Remember: Even friendly socialized cats run the risk of being killed in shelters that don’t have the space, resources, and programs to protect them. Utilize local cat rescue resources and practice TNR rather than bringing cats to a shelter.
TNR is the proven way to help unsocialized outdoor cats. These cats do not want to live indoors and are unadoptable. Even cats who are more socialized may revert to feral behavior when they are confined in the shelter environment, which is very stressful to them. That means in far too many shelters, community cats are highly likely to be killed.
TNR ensures community cats are not impounded in shelters, but instead spayed or neutered and allowed to thrive in their outdoor homes.
Keep in mind: More socialized community cats and kittens should also be helped through TNR unless you have the ample time and resources it takes to foster and adopt them. They are used to being outdoors and will thrive there.
Trap-Neuter-Return (TNR)
TNR is the process of humanely trapping, spaying or neutering, vaccinating, eartipping (the universal sign of a spayed or neutered and vaccinated outdoor cat) and returning community cats to their outdoor homes.
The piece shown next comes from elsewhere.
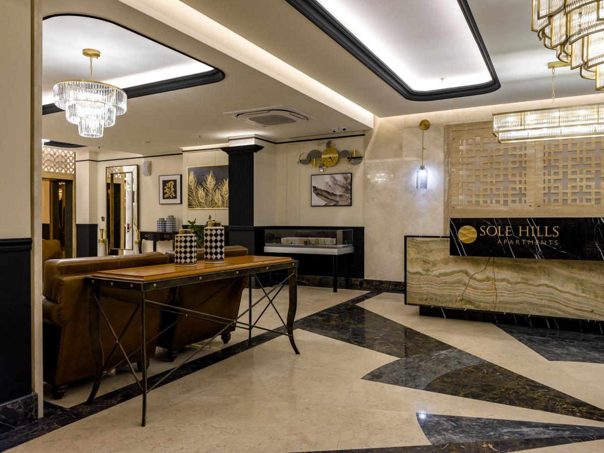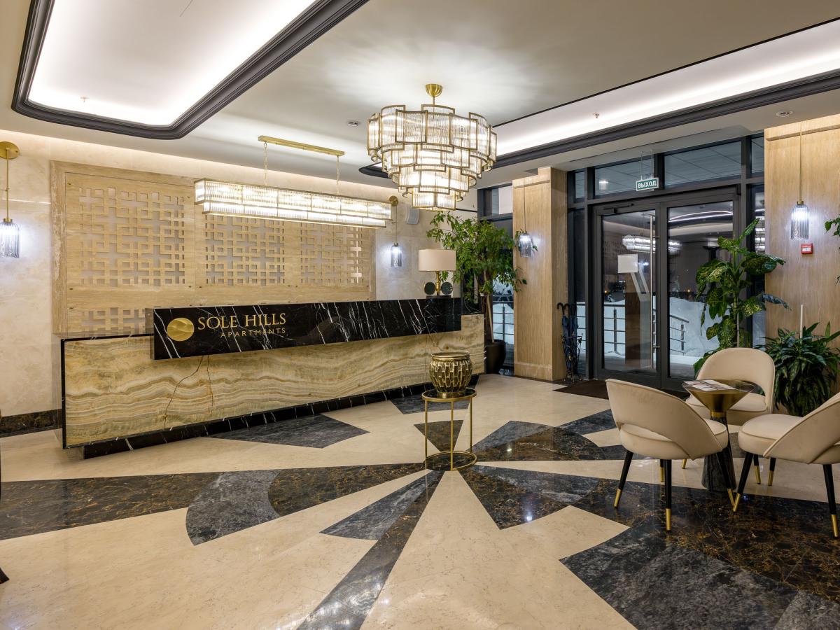 В Sole Hill роскошные лобби. В отделке использованы мрамор, оникс, гранит и латунь.

What Animal Shelters Can Do
Every year, thousands upon thousands of socialized and unsocialized cats enter the shelter system. Without humane policies that take the socialization continuum into consideration, far too many of these cats are killed. It doesn’t have to be that way.
By understanding and respecting socialization, shelter professionals and animal control officers can make lifesaving decisions for every cat.
Shelters must develop programs and policies that protect cats of every degree of socialization. Only cats found to be socialized and acclimated to living indoors should be adopted into a home.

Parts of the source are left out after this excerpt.